The event was a community effort that included getting a resource consent to stabilise the dune in front of the Surf Club, supplying and shaping sand
into a dune, planting it and then munching sausages supplied by the Waipu Lions Club.
"We have to plant all these plants before they'll give us a sausage," one child was heard to say as instructions were given out by Rick Stolwerk and Andre Labonte.
About 200 children sat in a large group and listened to instructions about planting the 2000 plants donated by Whangarei District Council. They learned that the lovely orange seagrass called pingao should be planted nearest the sea because it likes the occasional salt water wash and its roots help trap sand if some gets washed away.
Instructions were given never to walk down the dune and to treat their plants like precious puppies when removing them from their pots and plant them as if wrapping them in a blanket.
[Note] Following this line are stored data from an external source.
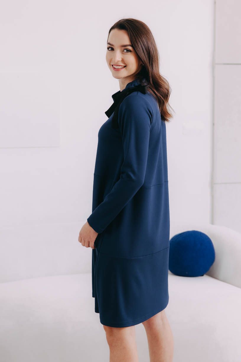 Na prvý pohľad neprehliadnuteľná mašľa na ramene nie je len pre efekt – stiahnete si s ňou praktický a šmrncovný rolák, keď práve fúkne alebo sa počasie jednoducho postaví tak trochu proti nám. Príjemný a odolný materiál je podobný tomu, z ktorého sme ušili naše stálice Audrey. A práve látka spolu s dlhými rukávmi a celkovou dĺžkou po kolená robí z Addo šaty do nepohody, aby vás zasa dostali do pohody.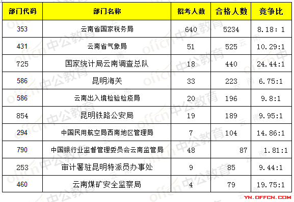 為幫助廣大考生更清晰的了解今日?qǐng)?bào)名情況,云南中公網(wǎng)校整理了審核通過(guò)人數(shù)部門排名,供廣大考生參考:
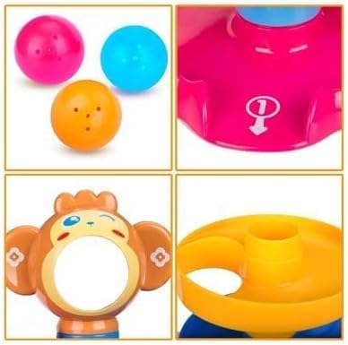 - [تصميم مبتكر وجذاب :] يتميز البرج بتصميم فريد مع 5 طبقات متداخلة، حيث يمكن للأطفال ملاحظة الكرات وهي تنزلق وتدور عبر المنحدرات بشكل ممتع، ما يعزز من تجربتهم البصرية. بالإضافة إلى وجه قرد مبتسم في الجزء العلوي الذي يضيف لمسة مرحة وجذابة، مما يشجع الأطفال على التفاعل واللعب بشكل مستمر.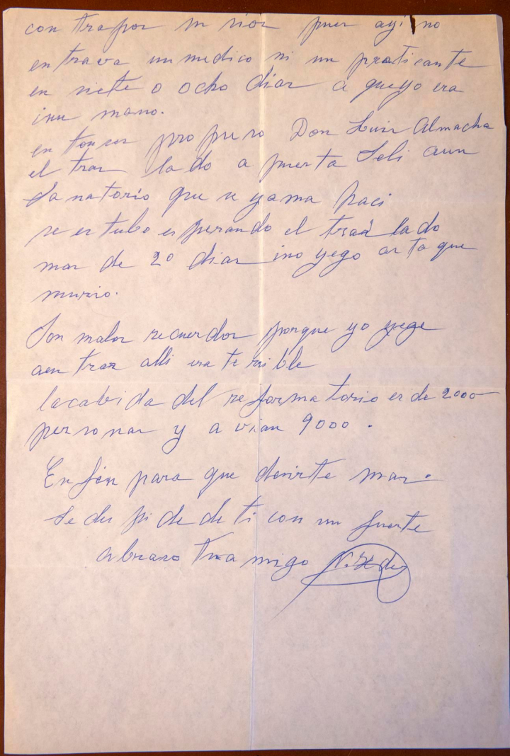 El hermano explica en la carta las condiciones inhumanas en las que se encontraba el poeta al igual que otros reclusos: “Cuando mi hermano estaba ya con el pulmón quitado por don Antonio Barbero, estando tan malo en aquella enfermería donde había noventa o cien hombres tendidos quitándose las puses los unos a los otros con trapos sucios, pues allí no entraba un médico o un practicante en siete u ocho días, aquello era inhumano”.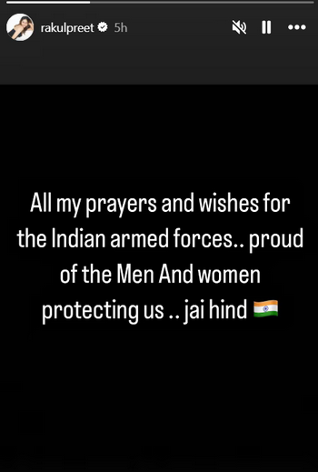 अभिनेत्री रकुल प्रीत ने भी भारतीय सेना की सराहना की। उन्होंने अपनी पोस्ट में लिखा, "इंडियन फोर्स के लिए प्रार्थनाएं और शुभकामनाएं... हमारी रक्षा करने वाले पुरुषों और महिलाओं पर गर्व है... जय हिंद।"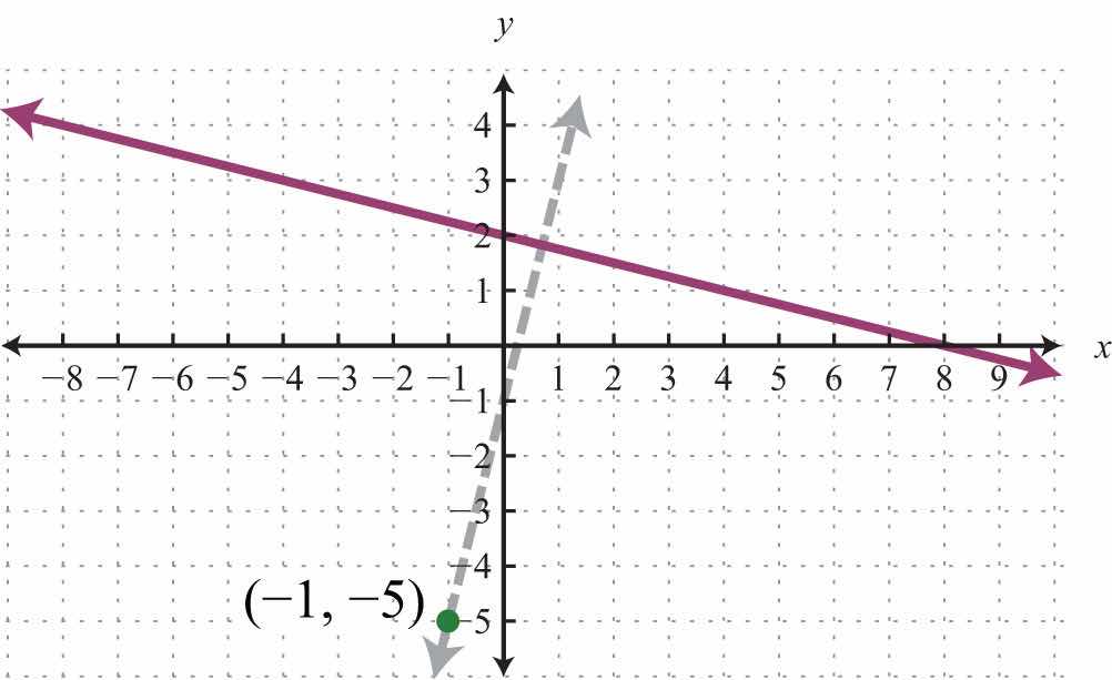 Geometrically, we see that the line , shown dashed below, passes through (−1, −5) and is perpendicular to the given line.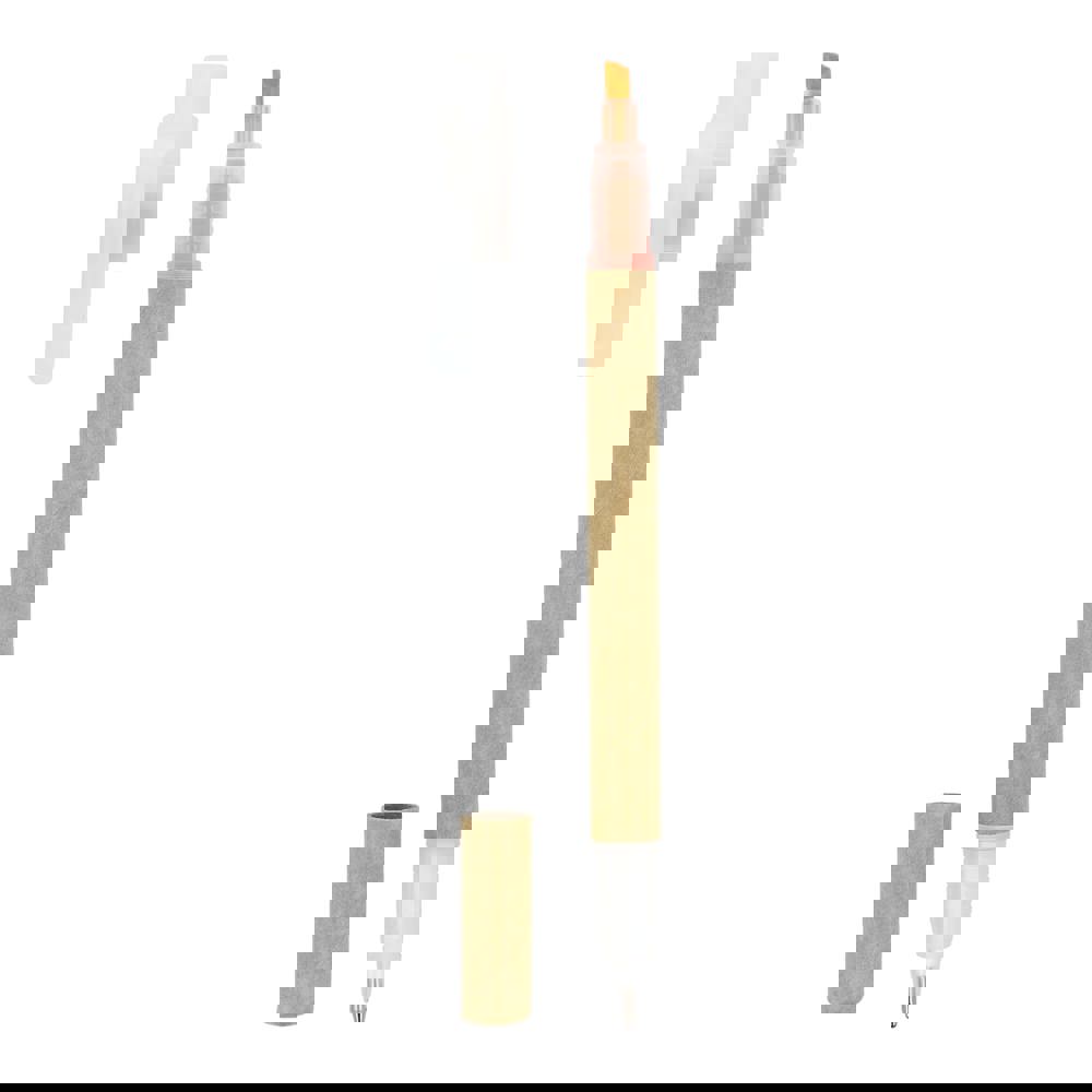Textmarker in Kombination mit einem Kugelschreiber. Der Textmarker ist in verschiedenen Schreibfarben erhältlich und der Kugelschreiber hat eine blaue Mine.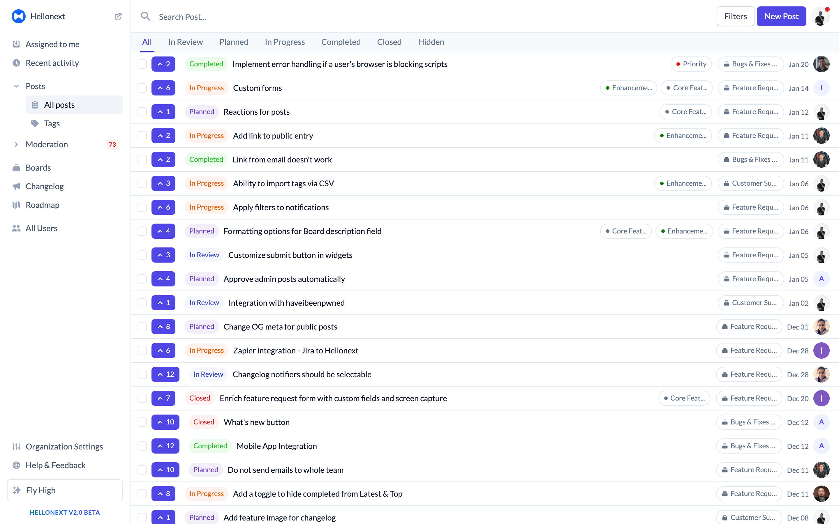- Key features: Collects customer ideas, feature requests, and bug reports through a branded portal; built-in public or private product roadmaps and changelogs; supports comments, upvoting, custom statuses, and role-based visibility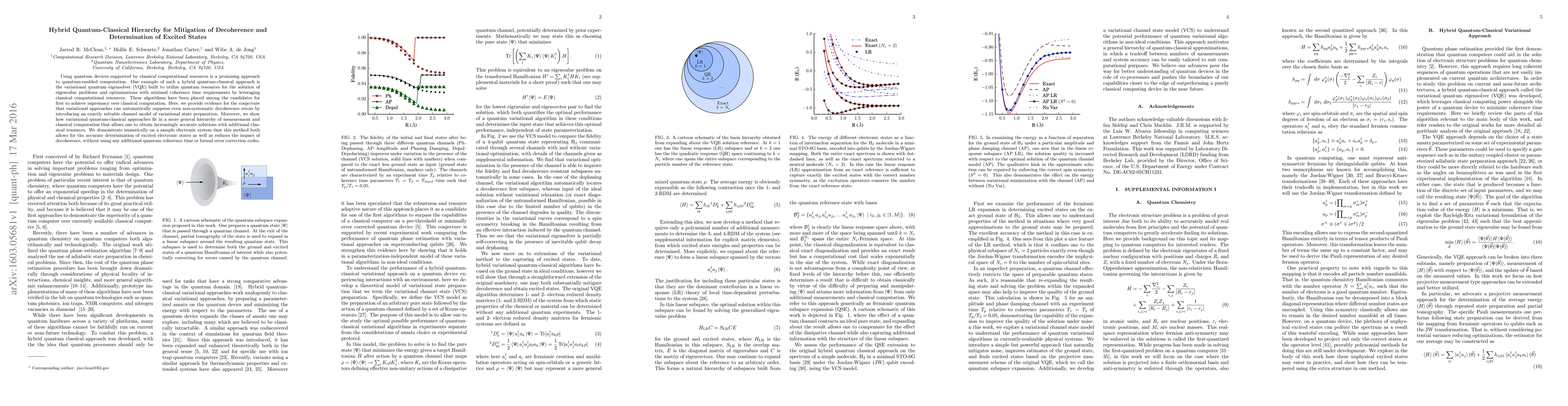 Using quantum devices supported by classical computational resources is a promising approach to quantum-enabled computation. One example of such a hybrid quantum-classical approach is the variational quantum eigensolver (VQE) built to utilize quantum resources for the solution of eigenvalue problems and optimizations with minimal coherence time requirements by leveraging classical computational resources. These algorithms have been placed among the candidates for first to achieve supremacy over classical computation. Here, we provide evidence for the conjecture that variational approaches can automatically suppress even non-systematic decoherence errors by introducing an exactly solvable channel model of variational state preparation. Moreover, we show how variational quantum-classical approaches fit in a more general hierarchy of measurement and classical computation that allows one to obtain increasingly accurate solutions with additional classical resources. We demonstrate numerically on a sample electronic system that this method both allows for the accurate determination of excited electronic states as well as reduces the impact of decoherence, without using any additional quantum coherence time or formal error correction codes.

They were given fertiliser pellets to place under each plant to nourish it, like a hungry baby and then the organised chaos began.
After the planting the dune looked tidy, the beach had been cleaned up - part of the group had collected rubbish at Langs Beach earlier - and the well-earned sausages were happily consumed.
The board and members of Waipu Cove Surf Lifesaving Club want to thank community members and businesses which helped to make the dune restoration project a success.